On July 4, 2021 America turned 245 years old. 245 is super old in human years, but many nations have been around a whole lot longer. Still, 245 is worth celebrating! So, Happy Birthday to us!
Of course, some Americans look at current events and our history with deep criticism. They say the American story is about an unfulfilled vision and a pattern of abuse. Others say the American story is about freedom, triumph, and heroes. Maybe it depends on which people and events you choose to highlight?
If you go to your uncle’s 85th birthday party, you don’t have to pretend that his whole life was perfect in order to wish him a happy birthday and honor him. But you also shouldn’t tell everyone he was the most wonderful man you ever met if he had a bad drinking problem. As Kevin DeYoung points out in his podcast on “The Meaning of America,” it is not mutually exclusive to both celebrate and criticize our nation.
As I wrote in the blog “America, Politics & the Christian Faith,” our nation is a great blessing, but far from perfect. Because sin fills every nation of the earth, we can be honest that there is much in our past, and even in our present, to grieve.
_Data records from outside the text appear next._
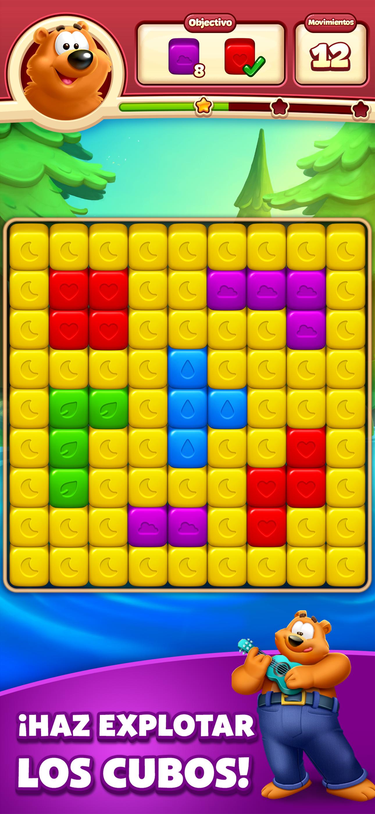 ¡Únete al caricaturesco mundo del gato Cooper , el lobo Wally y el oso Bruno, y disfruta de montones de niveles locos y desafiantes! Explota cubos y haz combos alucinantes para subir de nivel. Resuelve puzles para ayudar a los Toons a viajar por mundos mágicos.
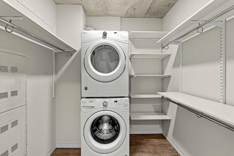 Property Id: 2180529 -smart home features -high exposed concrete ceilings -stainless steel appliances -floor-to-ceiling windows -smart home technology package featuring Lutron lights and shades, and a Honeywell thermostat -full fitness studio with a flexible yoga/barre space -Peloton bikes -rooftop lap pool -grilling stations -fire pits -community lounge w/ game tables -dog run -pet wash -Cats and dogs are welcome -garage parking is available with additional fees
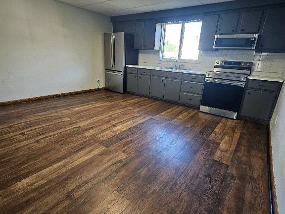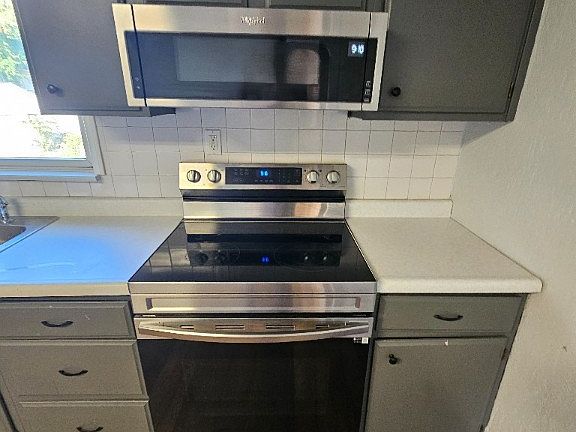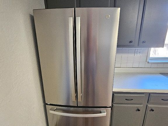 Newer laminate flooringStainless appliancesLarge eat in kitchenMulti spray shower panelTile surround

The injustices in our nation’s history against Native Americans, African Americans, other minority groups, women, and the unborn are shameful. Despite this, America has not gotten it all wrong, so we can and should love our country. But let’s not be shortsighted: America will never be perfect. Let’s be patriotic without being nationalistic. Let’s be thankful as we continue to pray for and strive for justice, peace, equality, and security.
Remember, America is only our temporary home. We live in America – not as citizens of this country – but as ambassadors of God’s kingdom. As we learned in our sermon series “Life in Exile,” we are sojourners, resident aliens on earth. Yes, America is where we live, but from an eternal perspective we are citizens of heaven. We live here temporarily. Our primary identity is as Christians, not Americans. Our primary passion is to honor and proclaim King Jesus.
To be a faithful ambassador means we settle into our home country, but we never get too comfortable because we are waiting for heaven (Phil. 3:20-21). It means we live honorable lives so that people might see God’s glory through us (1 Pet 2:11-12). It means we seek the welfare of our city, because we know that God has a long-term plan (Jer. 29:4-11). It means we carry the message of reconciliation and speak on God’s behalf (1 Cor 5:17-21).
If the followers of Jesus all over the 50 States of our Union took this calling seriously, what might America look like?
I am glad God put me in this nation, and I’m also pretty sure after I enter my eternal home in God’s Kingdom, I’ll immediately forget all about this country. And so I say, “Happy Birthday America!” right after “Come, Lord Jesus!”